Jesus promised to save us from sin, but as blogger Stan Wilson writes, where did we ever get the idea that Jesus would save us from suffering?  Jesus could not save Jerusalem.  He didn’t heal everyone or feed everyone or solve all their problems.  What he did do was to show those around him how to love freely and willingly and not give up, even so far as to spread his wings over us wayward chicks and die on a cross.  





Being church doesn’t mean we spread our wings so far as to save everyone from disaster.  The church is not a social service agency, a therapy group, the Red Cross, or as Karl Barth put it, an ambulance on the battlefield of life.  We are powerless to save.  But we are not powerless to love.  The rest of that movie quote:  “[We] can still love—we can love completely without complete understanding.”  We may not understand or accept the motives or choices or actions of others.  All of these may cause us pain.  But by following Jesus we have chosen to give ourselves over to love—a love which may or may not save another, a love which will bring us face to face with suffering and pain.  Yet if we give ourselves over to it entirely, this love will transform our lives.

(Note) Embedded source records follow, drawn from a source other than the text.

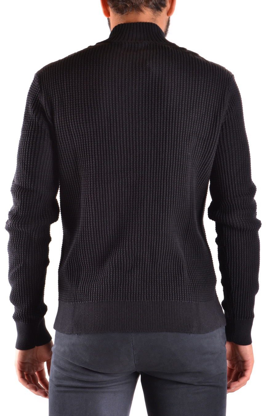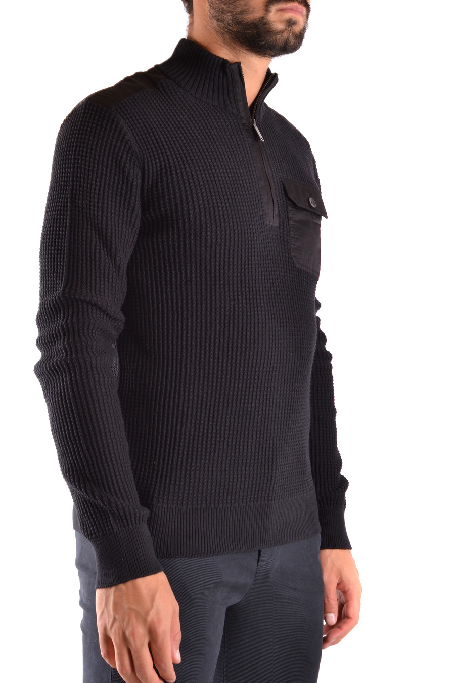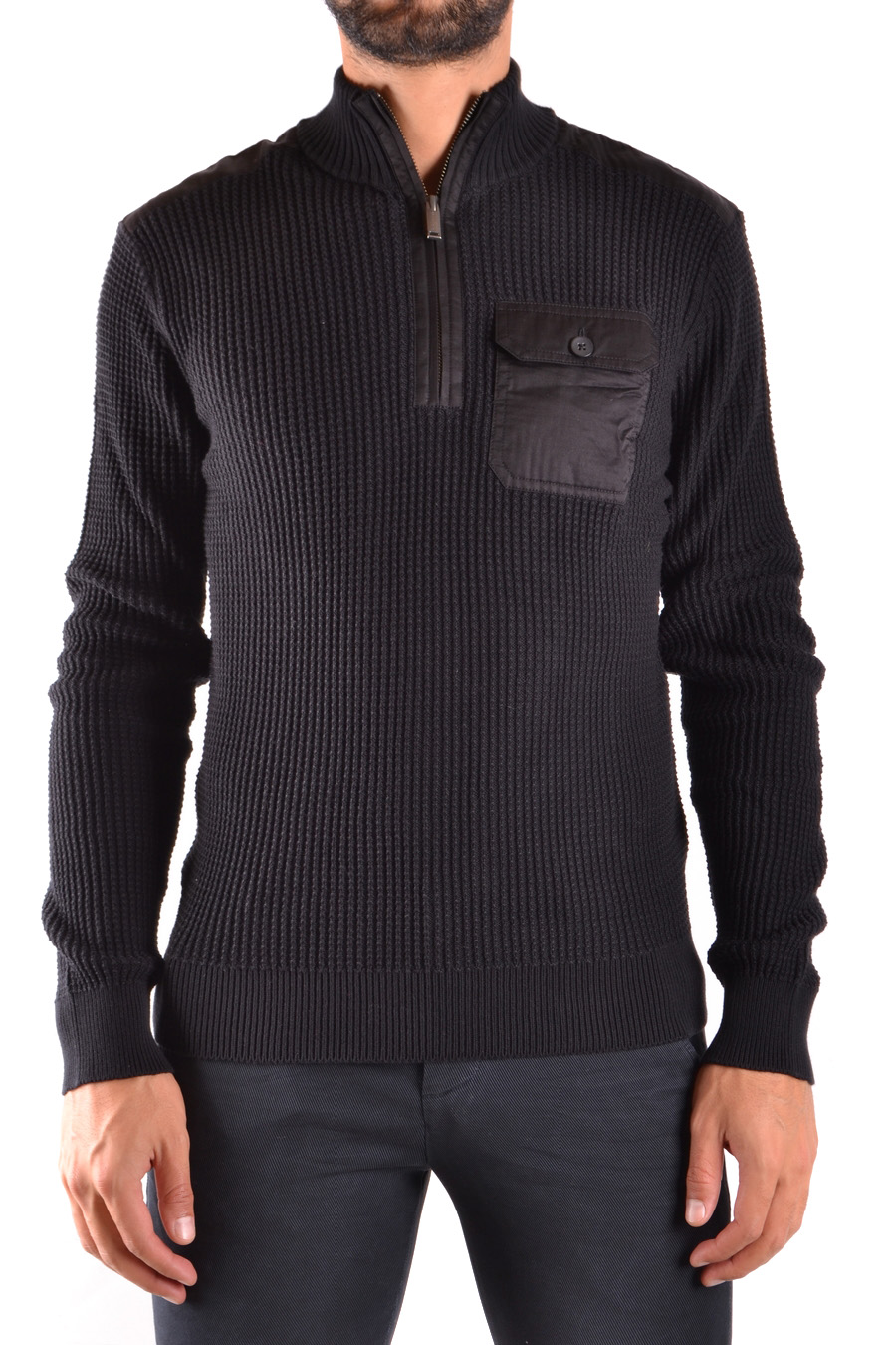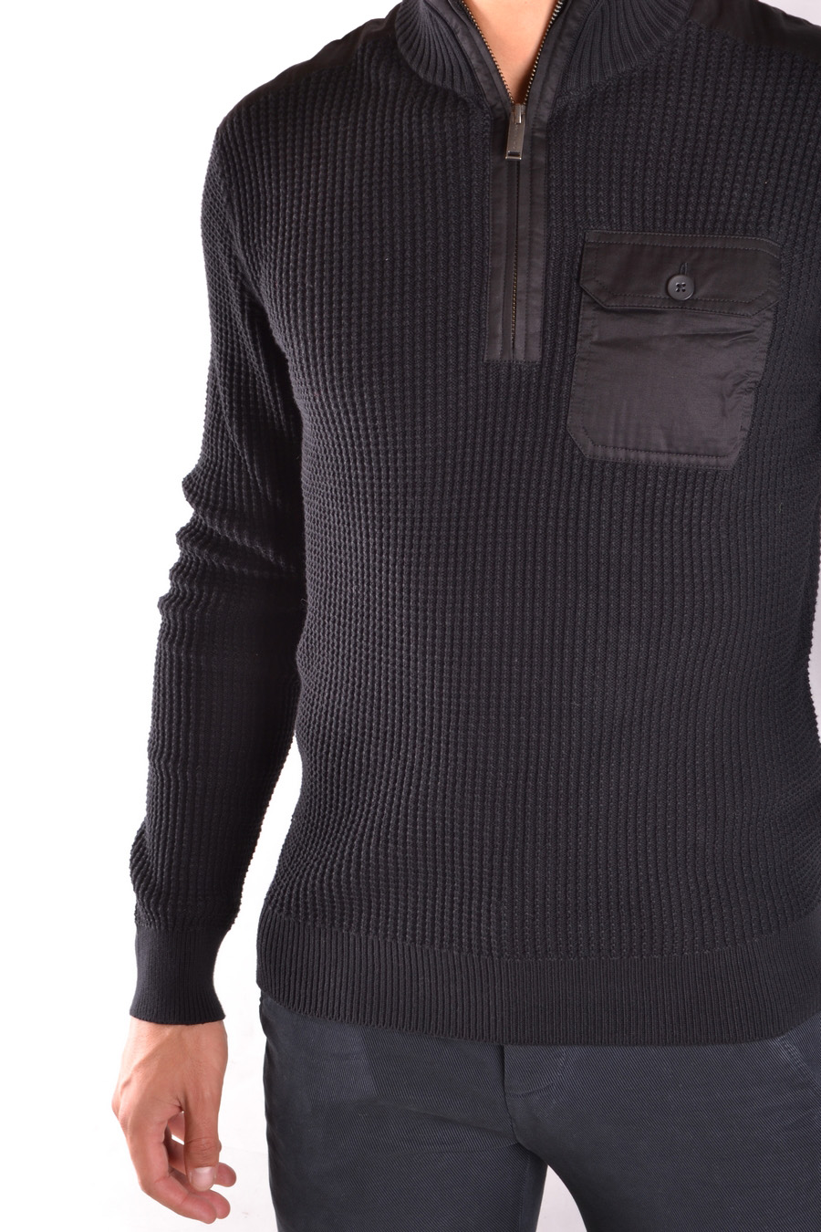 zipped hig neck knitted cotton sweater with pocket applied in front and different fabric inserts at the shoulder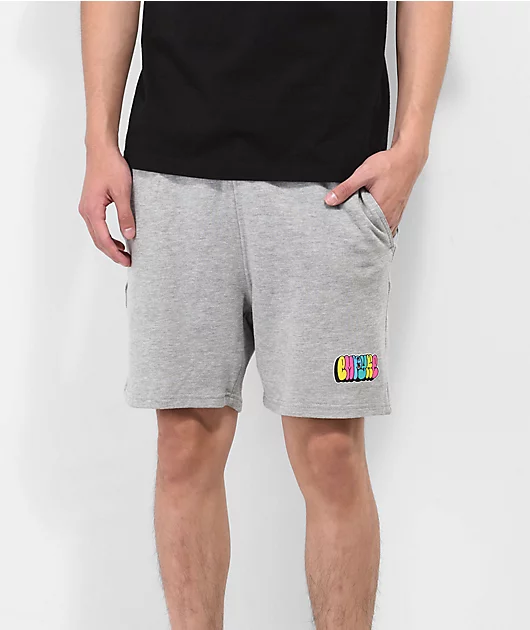 The Empyre Bubble Letter sweat shorts come in a grey colorway, with a colorful brand graphic screen-printed graphic on the left leg. Made of cozy 60% cotton, 40% polyester, the Empyre shorts are finished with a ribbed drawstring waistband, a brushed inter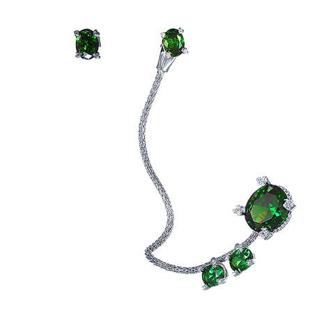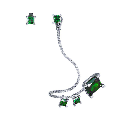 Асимметричные серьги из серебра 925 пробы с фианитами и ювелирным стеклом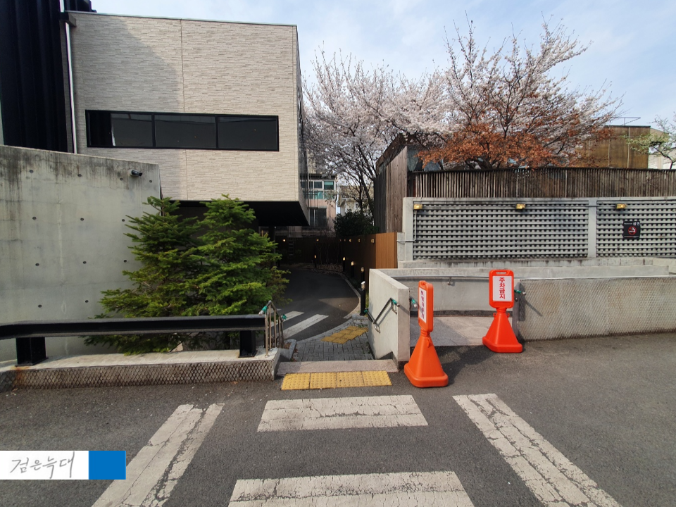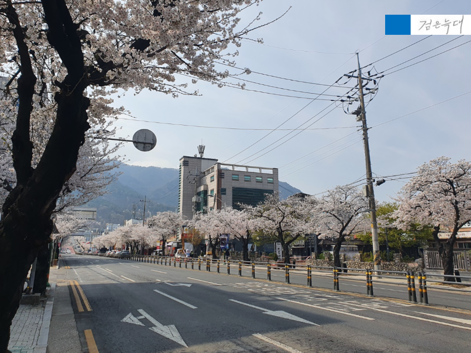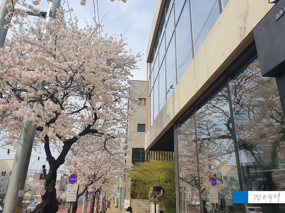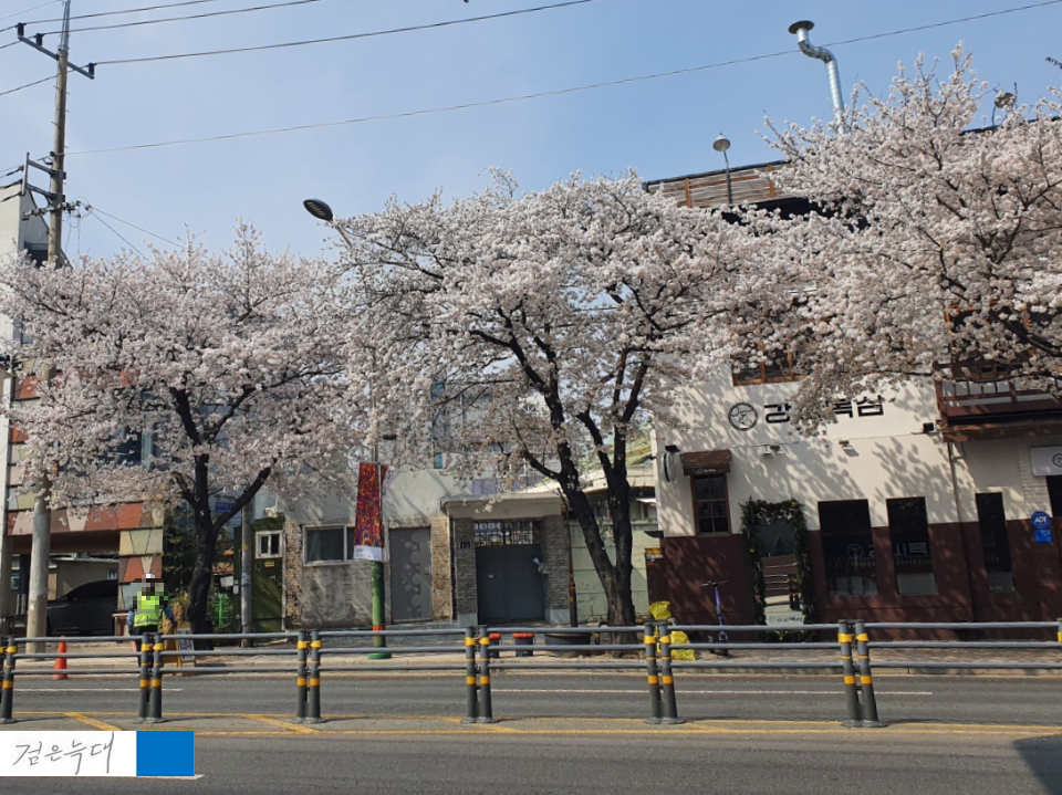 대로변에 있어서 벚꽃나무 가로수와 함께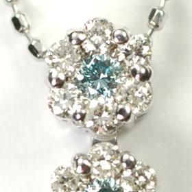 ミステリーフラワーセッティング(7石)を3つ連結した(合計21石で0.3ct)魅力的なペンダントで、各7石フラワーの中央にはブルーダイヤをセットさせていただいております。周りのホワイトダイヤも色味がなくテリのあるダイヤで、上品なジュエリーに仕上がっております。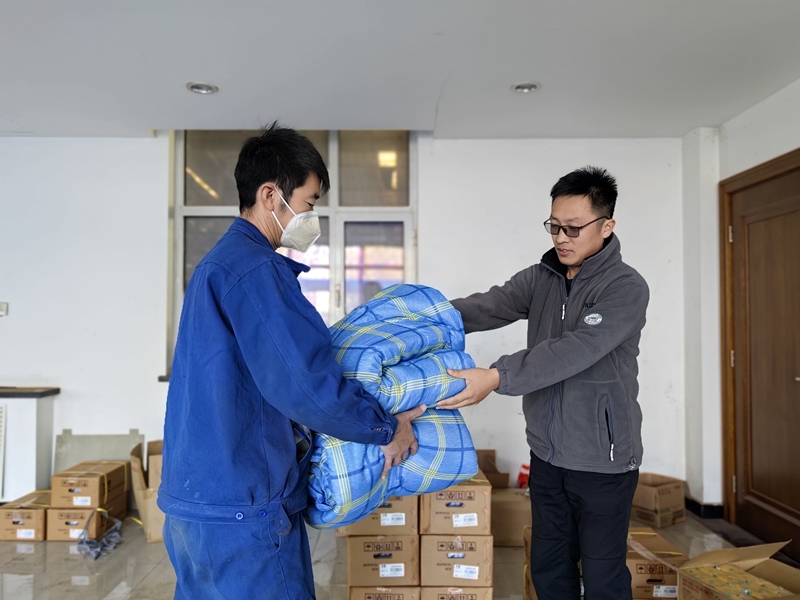 供应部长李梦男亲自为驻厂职工采购发放被褥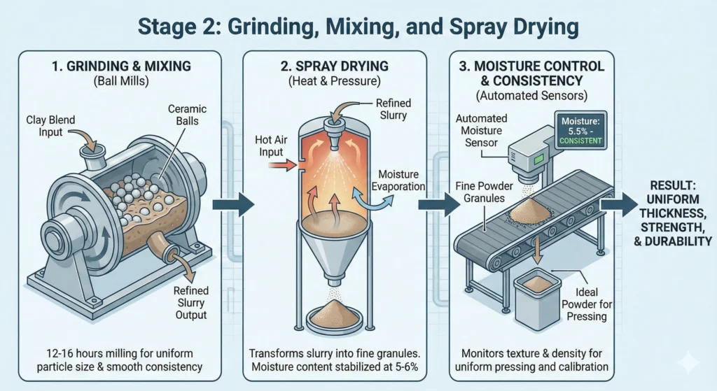 The refined slurry then passes through a spray dryer, where it is transformed into fine powder granules under carefully controlled heat and pressure. This step is critical, it stabilizes the moisture content at around 5 to 6%, making the powder ideal for pressing.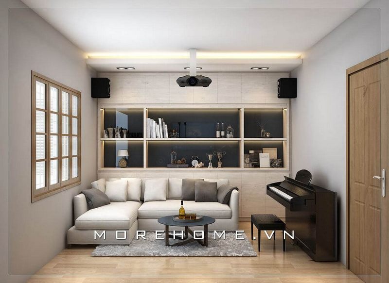 Mẫu kệ sáchhiện đại kết hợp kệ trang trí gỗ công nghiệp được thiết kế âm tường tạo nên không gian rộng rãi đang được nhiều gia chủ yêu thích và sử dụng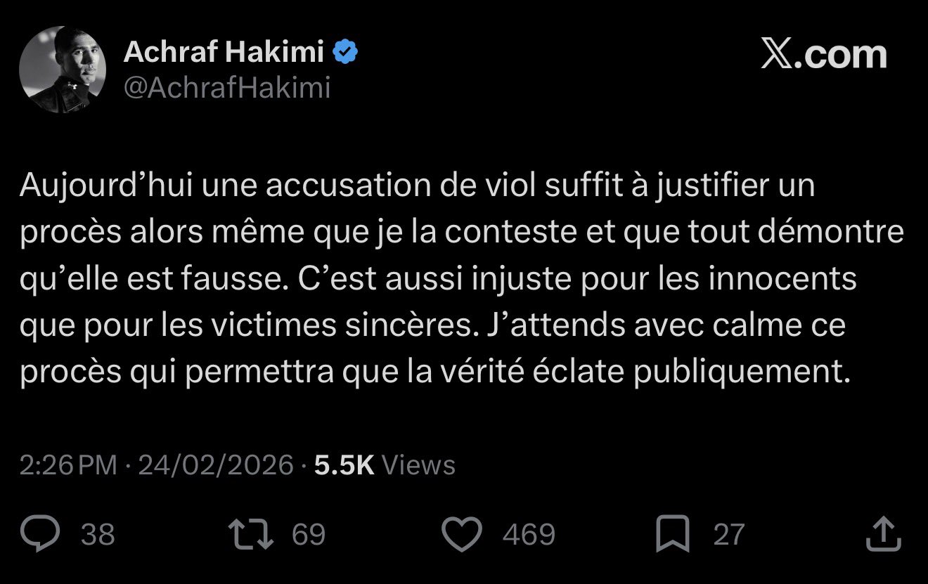 وعبر حسابه على منصة "إكس"، علّق حكيمي على القرار مؤكدًا نفيه التام للتهمة، وكتب أن مجرد توجيه اتهام من هذا النوع أصبح كافيًا للإحالة إلى المحاكمة، رغم إنكاره المستمر، مضيفًا أنه ينتظر القضاء بهدوء وثقة.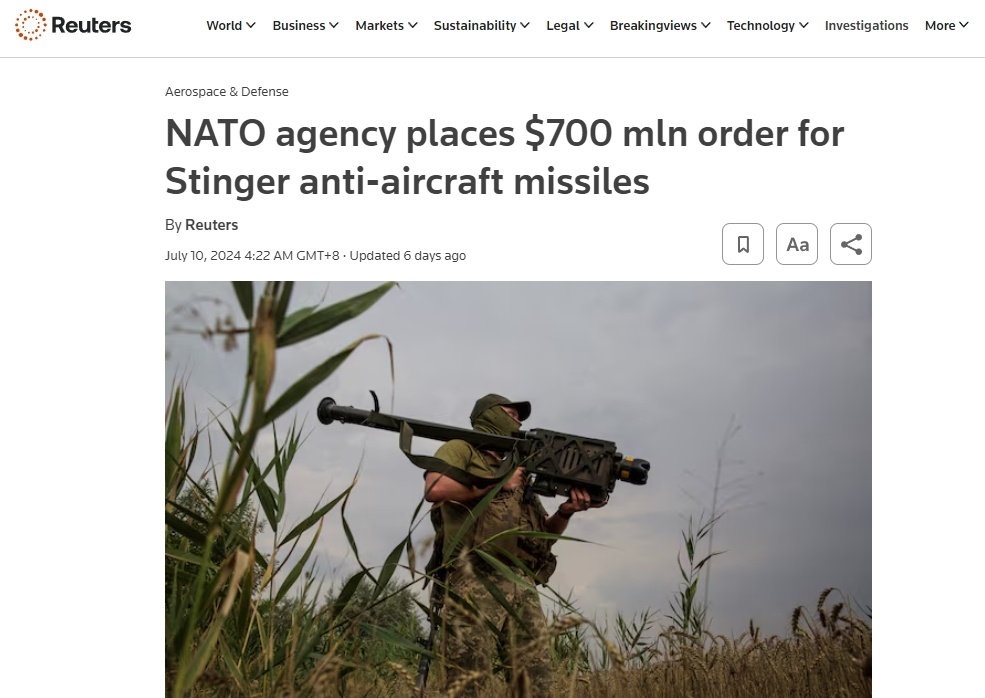 本月早些時(shí)候,北約宣布已經(jīng)以多個(gè)成員國(guó)的名義訂購(gòu)了價(jià)值近7億美元的“毒刺”肩扛式單兵防空導(dǎo)彈。這款導(dǎo)彈也是雷神制造。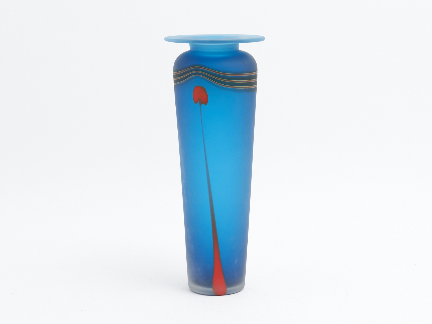 A SIGNED DENIZEN ART GLASS TRAILED SATIN GLASS FINISHED VASE H.29CM, LEONARD JOEL DELIVERY SIZE: MEDIUM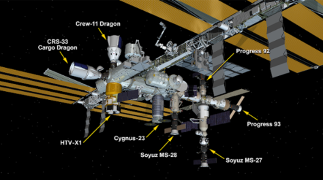 12월 3일 기준 ISS에는 미국의 유인 우주선 'Crew-11 Dragon'(스페이스X 제작), 무인 화물선 'CRS-33 Cargo Dragon'(스페이스X 제작), 일본의 무인 화물선 'HTV-X1'(미쓰비시중공업 제작), 무인 화물선 'Cygnus-23'(노스럽 그러먼 제작), 러시아의 유인 우주선 'Soyuz MS-28'과 'Soyuz MS-27, 러시아의 무인 화물선 'Progress 92'와 'Progress 93'이 도킹해 있다. |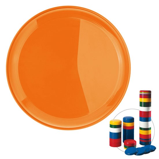 das Freizeit-Sportgerät mit besten Flugeigenschaften. Die Scheibe ist stapelbar und kann somit platzsparend für Messen und Werbeaktionen eingesetzt werden.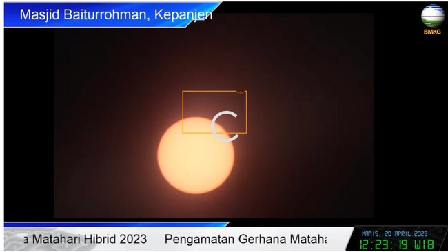 "Proses gerhana matahari hibrid di wilayah Kepanjen berlangsung selama 2 jam 45 menit. Mulai pukul 09.27 WIB, puncaknya pada pukul 10.55 WIB dan lepas kontak pada pukul 12.22 WIB," terang Kepala Stasiun Geofisika Malang, Ma'muri kepada detikJatim di masjid Baiturrahman, Kepanjen, Kamis (20/4/2023).
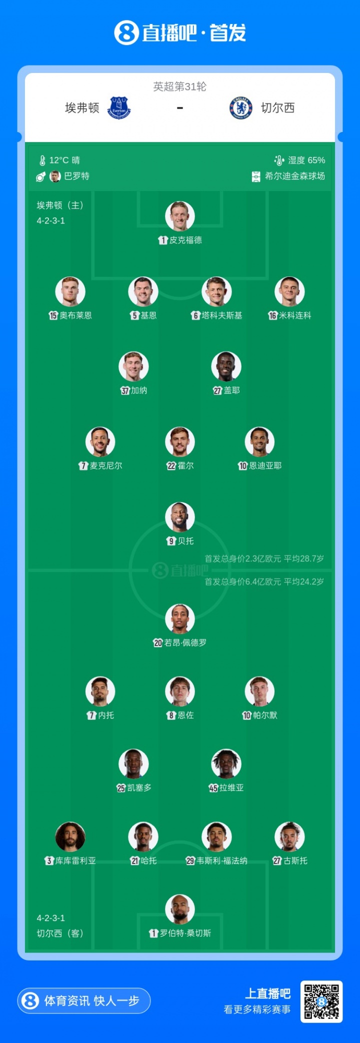 直播吧3月22日訊 北京時(shí)間3月22日凌晨1:30,英超第31輪,埃弗頓vs切爾西。賽前雙方公布了本場比賽的首發(fā)名單?!厩袪栁鞣矫妫材匪箓?,拉維亞搭檔凱塞多組成雙后腰,恩佐位置靠前;三叉戟為若昂·佩德羅、內(nèi)托和帕爾默。】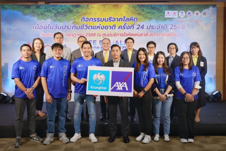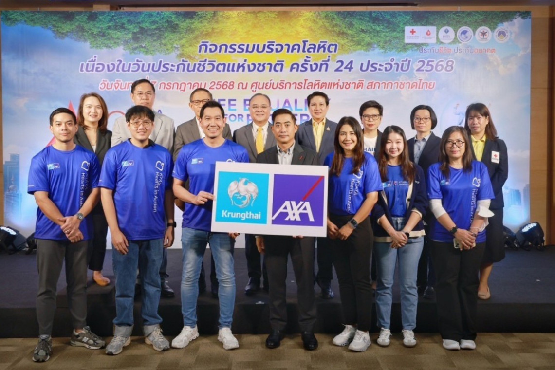 บมจ.กรุงไทย-แอกซ่า ประกันชีวิต นำโดย คุณกฤช ธีรสุข ประธานเจ้าหน้าที่บริหาร ฝ่ายตัวแทน (คนที่ 4 จากซ้ายแถวหน้า) พร้อมด้วยพนักงานและฝ่ายขายจิตอาสา เข้าร่วมบริจาคโลหิต เนื่องในวันประกันชีวิตแห่งชาติ ครั้งที่ 24 ประจำปี 2568 ณ สภากาชาดไทย ถนนอังรีดูนังต์ โดยกิจกรรมดังกล่าวเป็นความร่วมมือของสำนักงานคณะกรรมการกำกับและส่งเสริมการประกอบธุรกิจประกันภัย (คปภ.) สมาคมประกันชีวิตไทย สมาคมตัวแทนประกันชีวิตและที่ปรึกษาการเงิน พร้อมด้วยบริษัทประกันชีวิต 18 บริษัทชั้นนำ ซึ่งเป็นการจัดขึ้นเพื่อเป็นการแสดงความสามัคคีในร่วมกันแบ่งปันเพื่อสังคม และได้ช่วยเหลือผู้ป่วยทั่วประเทศ ที่สอดคล้องกับนโยบายหลักของบริษัทฯ ที่จะอยู่เคียงข้างทุกความเชื่อมั่นดูแลกันตลอดไป

Here we have the first three of the twelve steps:  we are powerless to save ourselves or another; we acknowledge that a power, a love greater than ourselves can restore us to sanity; and we surrender our lives into the care of this power, this love that our lives would be changed.  Jesus himself learns this surrender in the garden the night before his execution: not his will but God’s will be done.  And on the cross, even though he could not save his beloved Jerusalem, Jesus said “Father, forgive them, for they don’t know what they are doing.”  His mission to love, to forgive, and by his actions, to bring humankind to the awareness of an intimate, compassionate God—this is the success that looks like a cross.  Even so, we are still coming to this awareness, each generation learning what it means to surrender to the teaching of peace, to the holy.




Where in our own lives do we feel powerless?  What about the life of this church confronts our sense of powerlessness?  What is it about ourselves or a loved one or this church that eludes us?  How might we as church surrender to the power of God, which is love?  How does our relationship with Christ and with this community of faith save us?  How might we as church be a part of bringing to others the awareness of an intimate, compassionate God?




During this Lenten season let us ask ourselves how we as individuals and as a church might love completely without complete understanding, and how the teachings of Jesus would help us do this.  So let us take the first step.  Let us trust and believe that we shall see the goodness of the Lord in the land of the living.  Wait for the Lord; be strong and let our hearts take courage; yes, wait for the Lord!  (Psalm 27: 13-14)  Amen.